## About this exercise:
Word for word, set down the lines from the one that contains "Designed for endurance, this" through the final line of the data; no pictures belong in the copy.

━━ Given information ━━

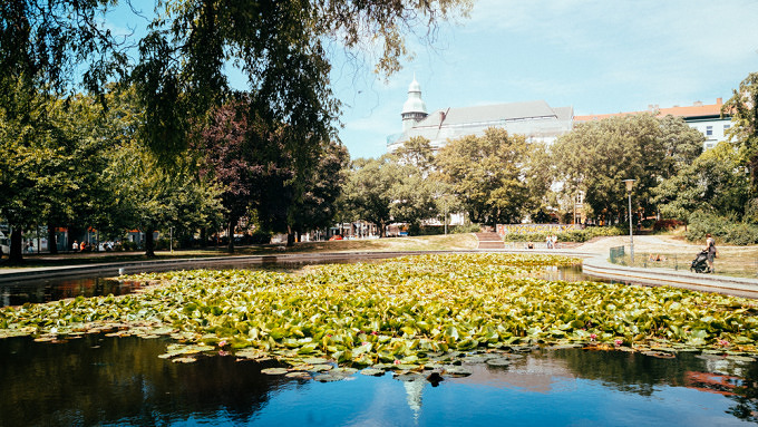 Der Weinbergspark ist an warmen Tagen das Zentrum von Mitte. Hier treffen sich gefühlt alle Bewohner, um im Gras zu liegen und den Tag verstreichen zu lassen. Kinder haben hier sogar zwei Möglichkeiten zu toben: an der Fehrbelliner Straße befindet sich der normale Spielplatz, im Ostteil am Weinbergsweg liegt die Plansche, die im Sommer genauso überrannt ist von Kindern wie der restliche Park. Mehrere Elementen sprühen Wasser, sodass die Kids am Ende einmal komplett nass sind.
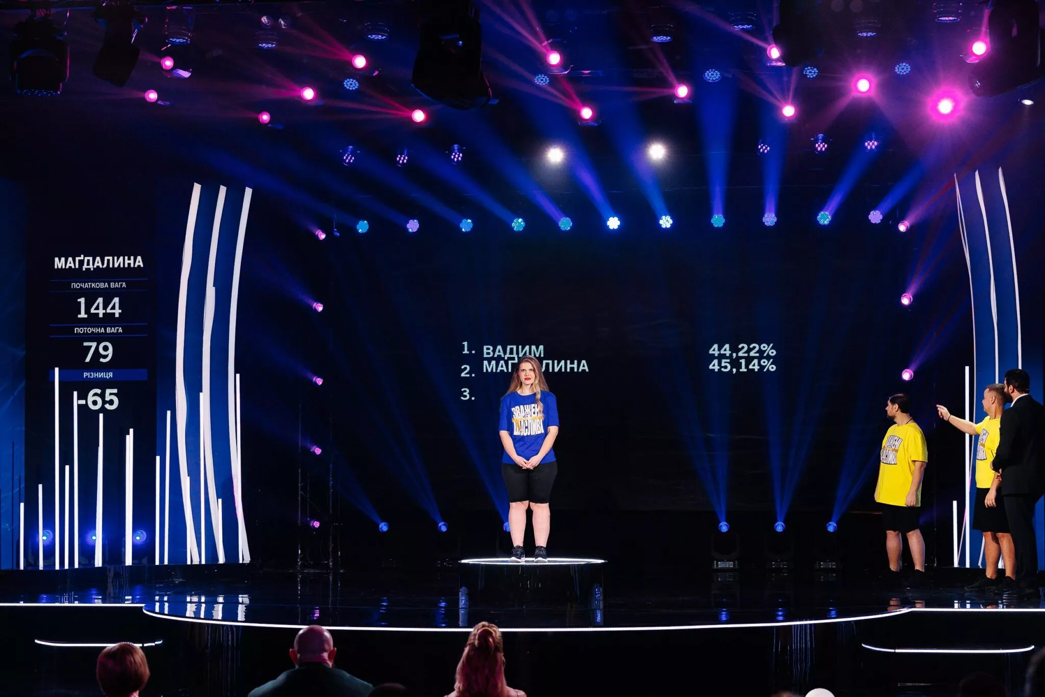 - Інші фіналісти, Вадим Бойко та Маґдалина Димид, відповідно скинули 65 кілограмів кожен, з відсотковими показниками втрати ваги 44,22% і 45,14%.
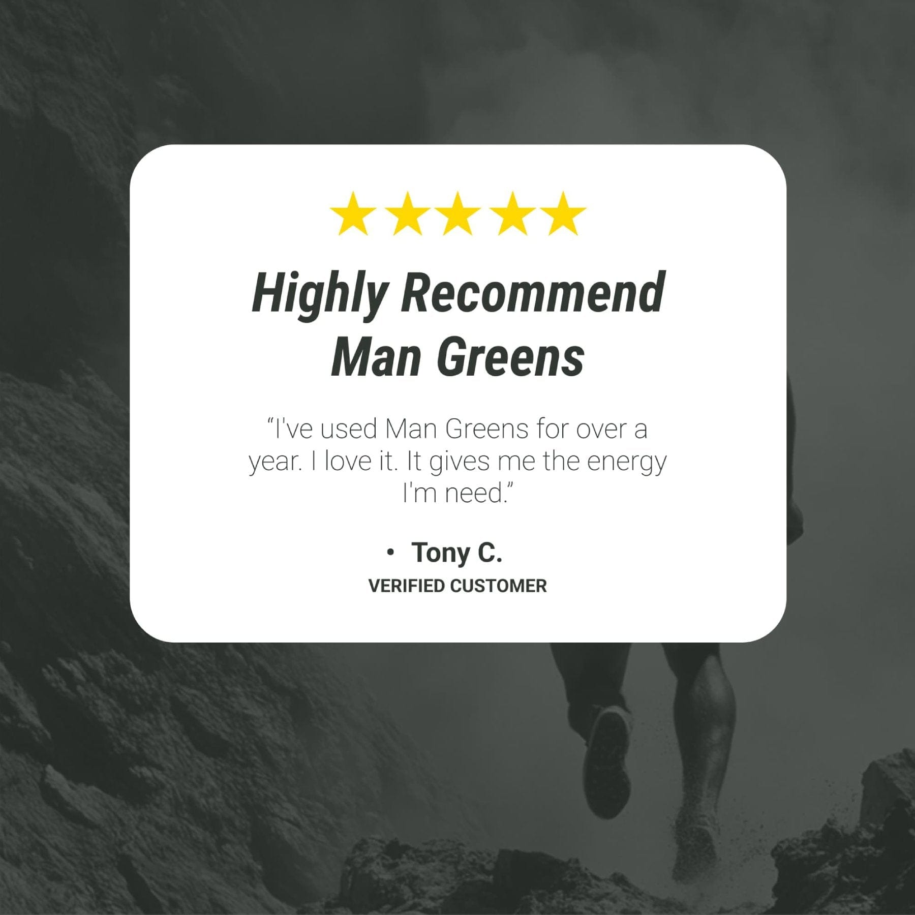 Man Greens contains clinically studied doses of science-backed ingredients that may support male vitality [1], healthy stress response [2], immune function [3], and natural energy levels [4].*
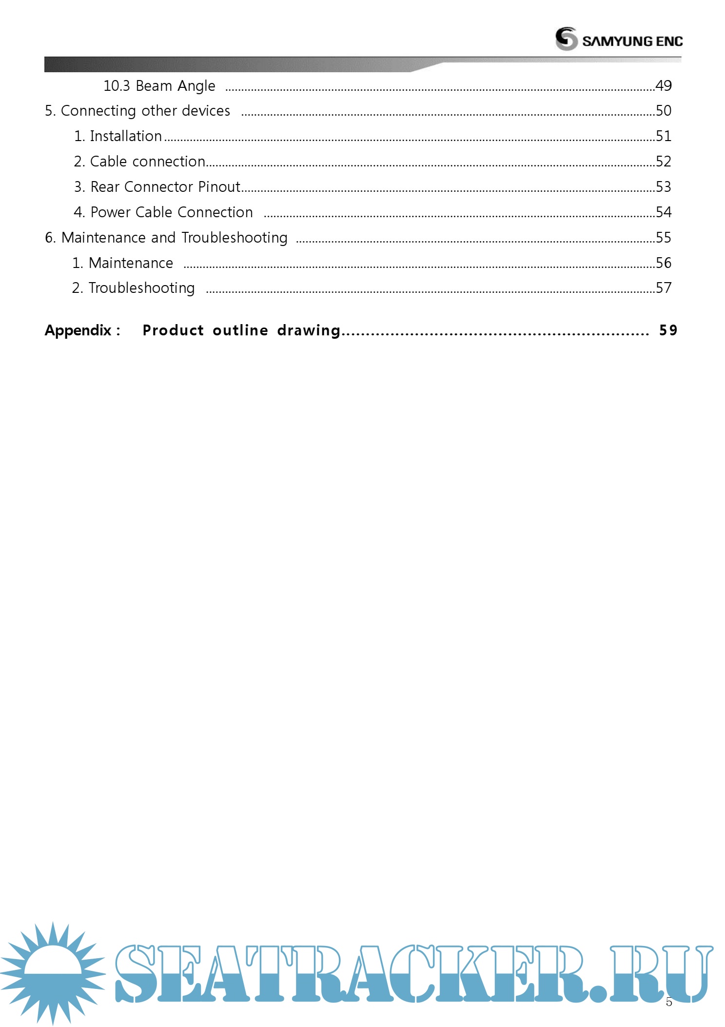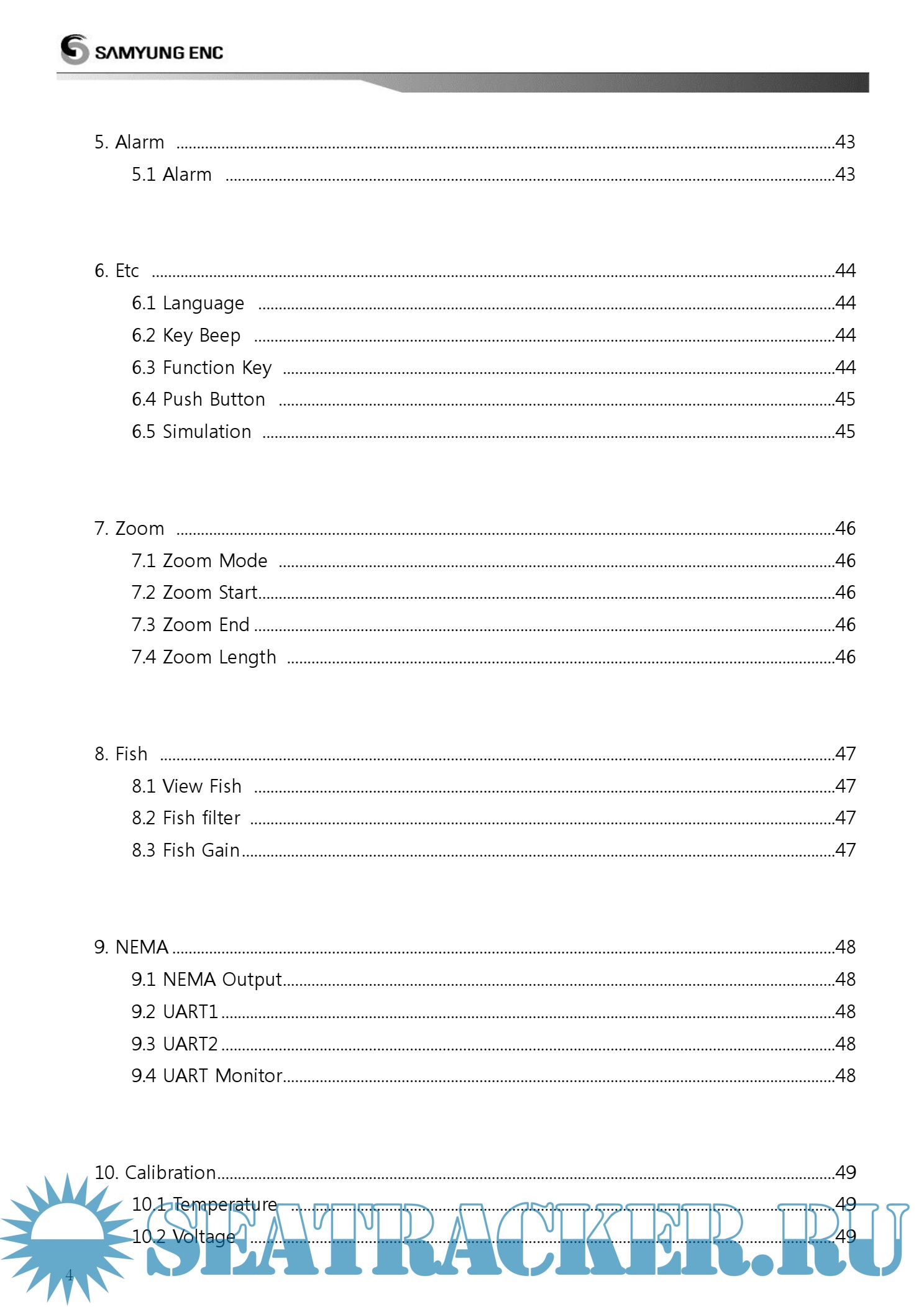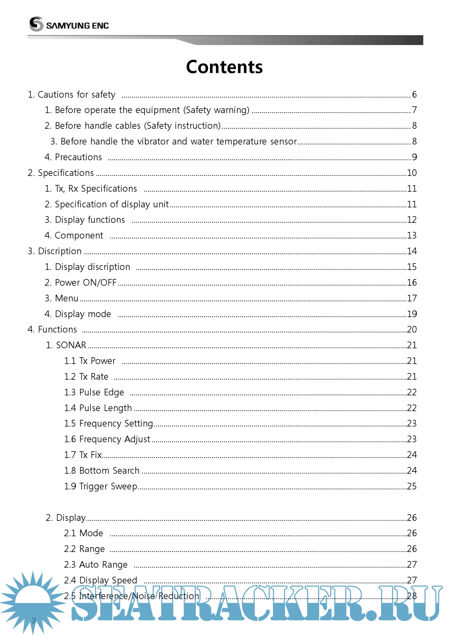Year: 2014 Language: english Author: Samyung ENC Genre: Manual Publisher: Samyung ENC Format: PDF Quality: eBook Pages count: 59 Description: • Easy and quick gain setting control - When gain changes are applied, the previous echoes are applied at the same as the new echoes - Allows to display weakly recorded fish group • Allows to display weakly recorded fish group - 30% increase of transmitting speed allows more detailed fish school to be displayed • Fine tuning of transmitting frequency - Fine tuning over all frequencies including low and high transmitting frequencies • Progressed image processing technology - Express image with various filtering process : Interference removal, noise removal, clutter, color removal and digital filter area setting • Selectable display color - Use may select preferable color display • Display area detected on A-SCOPE - Display area of seabed transmitted by the beam angle from transducer on A-scope to increase ease of work - Beam angle may vary depending on the frequency of the transducer and the installation method. The data displayed on the equipment should be used for reference only • Multi-frequency and the output - The selection of transducers with various frequencies and output is available - 28/38/50/68/82/88/107/150/200 kHz - Dual frequencies - Transmission output can be selected from 1/1.2/1.5/2.5/3KW - Connectable with past transducers • Display white line - White line applied to easily discern seabed from the fish school or reef * Display the strong signal from seabed in the white line in order to easily distinguish between fish group and seabed • Digital filter technology - Digital filter technology applied to display the weakest echoes from small fish and reduce noise at the same time
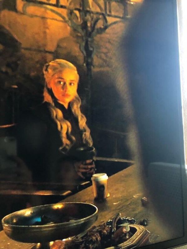 На 18-й минуте сериала в одной из сцен наблюдательные зрители заметили то, что явно выбивается из "средневековой" обстановки повествования: на столе рядом с "Матерью драконов" стоит картонный стакан для кофе из современных кафе. Это стало последней каплей для многих фанатов сериала, которые уже давно критикуют его создателей за многочисленные ляпы и нестыковки вроде "телепортации" персонажей — необъяснимо быстрого перемещения в условиях неразвитых технологий транспорта.
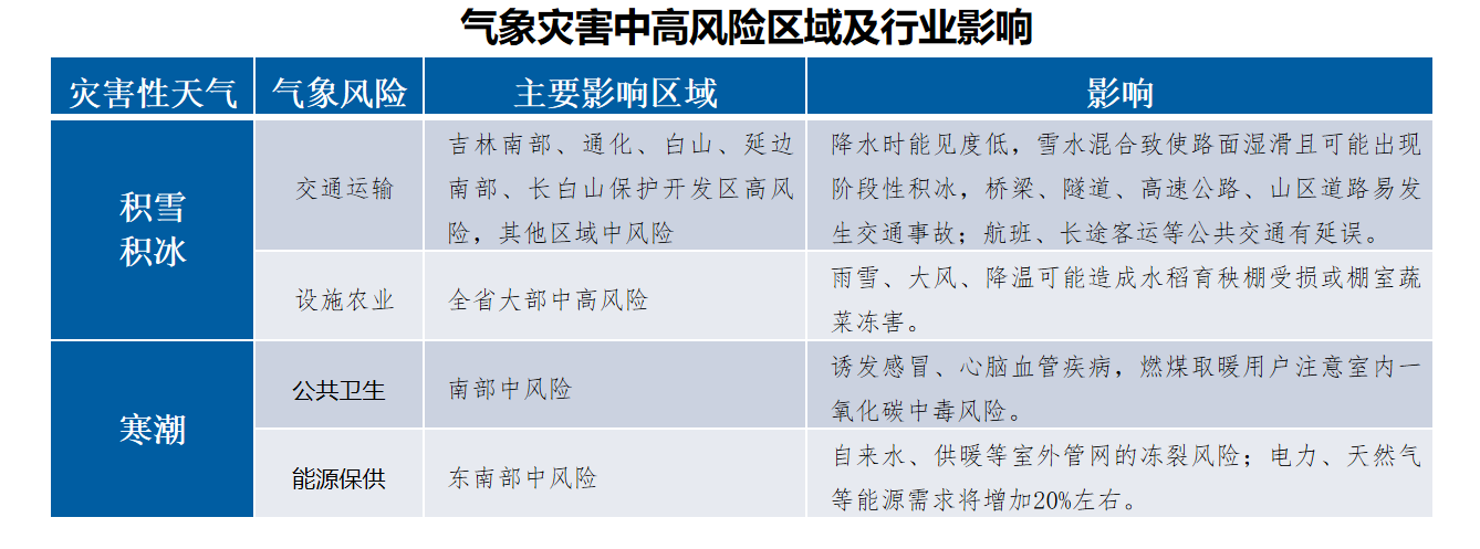本次明显雨雪过程将有利于降低全省森林火险气象等级,且对我省西部旱田增加土壤墒情有利,但会给交通运输、设施农业、能源保供、公共卫生等带来较大不利风险影响,需重点做好防范。
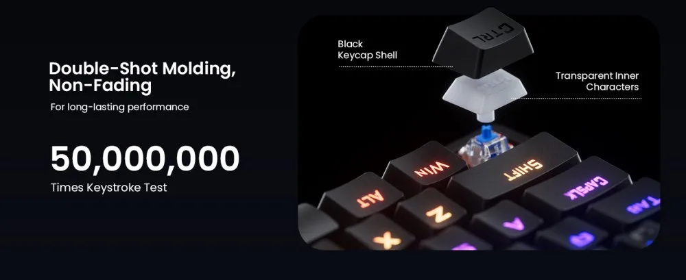 Designed for endurance, this clicky keyboard features double-shot keycaps with wear-resistant, high-light-transmission fonts that stay vibrant. Rigorously tested for 50M+ keystrokes, it works flawlessly across Windows PCs and laptops
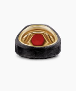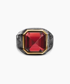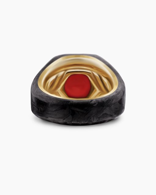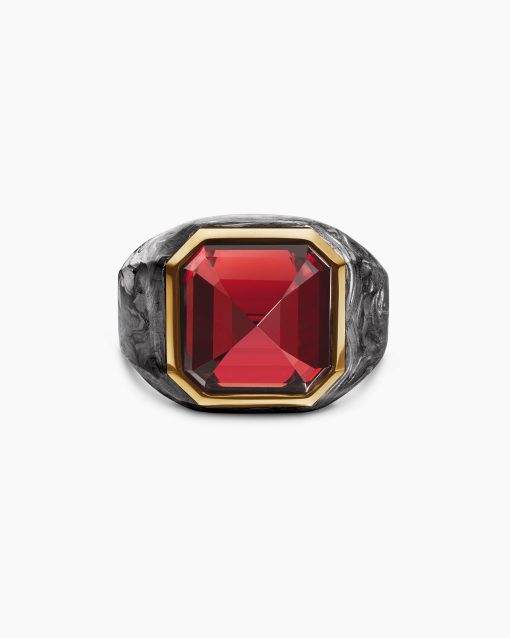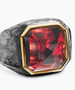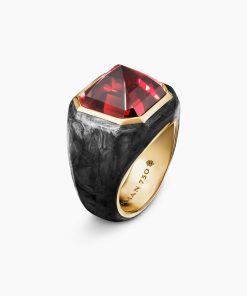 Forged carbon is a lightweight yet strong composite originally used in aeronautics and sports cars. For jewelry, David Yurman pioneered a technique which fuses the modern material and precious metal into innovative, graphic designs. 18-karat yellow goldForged carbonGarnet, 14.2mmRing, 17.7mm
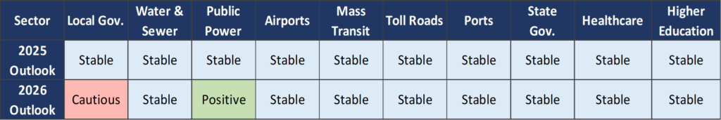 The commentary below highlights the two sectors that have had a 2026 outlook change, Local Government and Public Power.
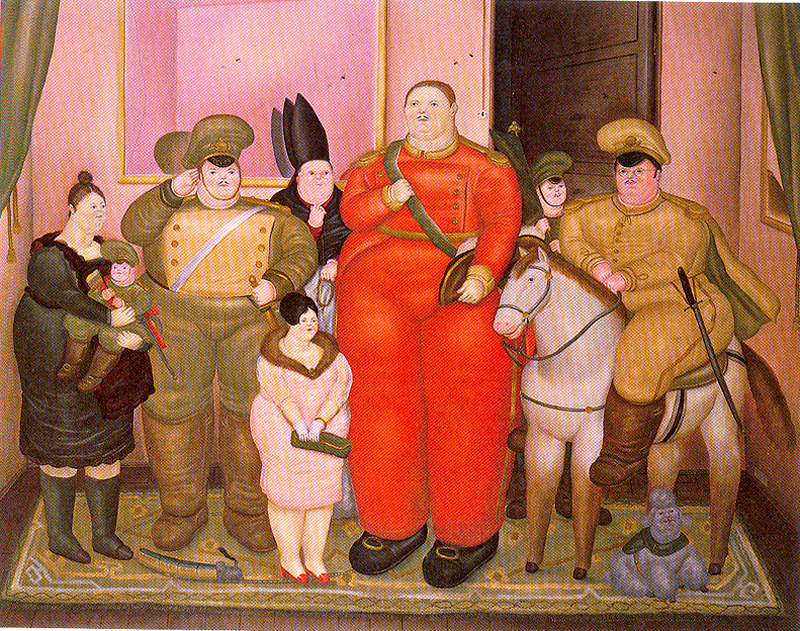 Source: Botero; Paintings and Drawings (New York, 2007), fig. 10. Image: Botero, "Official Portrait of the Military Junta", 1971. Humanities Questions: What are a couple of aspects you see in this painting that may be generally rtelated to Colombian events in the twentieth century, especially a decade before and after the date of this painting (see .mht webpage: => Colombia)? What characters are represented in this canvas and what is the relationship between them? To what great Spanish painting might this painting be compared? What does the difference in size between the characters suggest to you? |
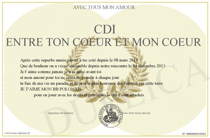 Envoyez par email votre CDI entre ton coeur et mon coeur personalisé

━━━

## Expected answer:
 Designed for endurance, this clicky keyboard features double-shot keycaps with wear-resistant, high-light-transmission fonts that stay vibrant. Rigorously tested for 50M+ keystrokes, it works flawlessly across Windows PCs and laptops
 Forged carbon is a lightweight yet strong composite originally used in aeronautics and sports cars. For jewelry, David Yurman pioneered a technique which fuses the modern material and precious metal into innovative, graphic designs. 18-karat yellow goldForged carbonGarnet, 14.2mmRing, 17.7mm
 The commentary below highlights the two sectors that have had a 2026 outlook change, Local Government and Public Power.
 Source: Botero; Paintings and Drawings (New York, 2007), fig. 10. Image: Botero, "Official Portrait of the Military Junta", 1971. Humanities Questions: What are a couple of aspects you see in this painting that may be generally rtelated to Colombian events in the twentieth century, especially a decade before and after the date of this painting (see .mht webpage: => Colombia)? What characters are represented in this canvas and what is the relationship between them? To what great Spanish painting might this painting be compared? What does the difference in size between the characters suggest to you? |
 Envoyez par email votre CDI entre ton coeur et mon coeur personalisé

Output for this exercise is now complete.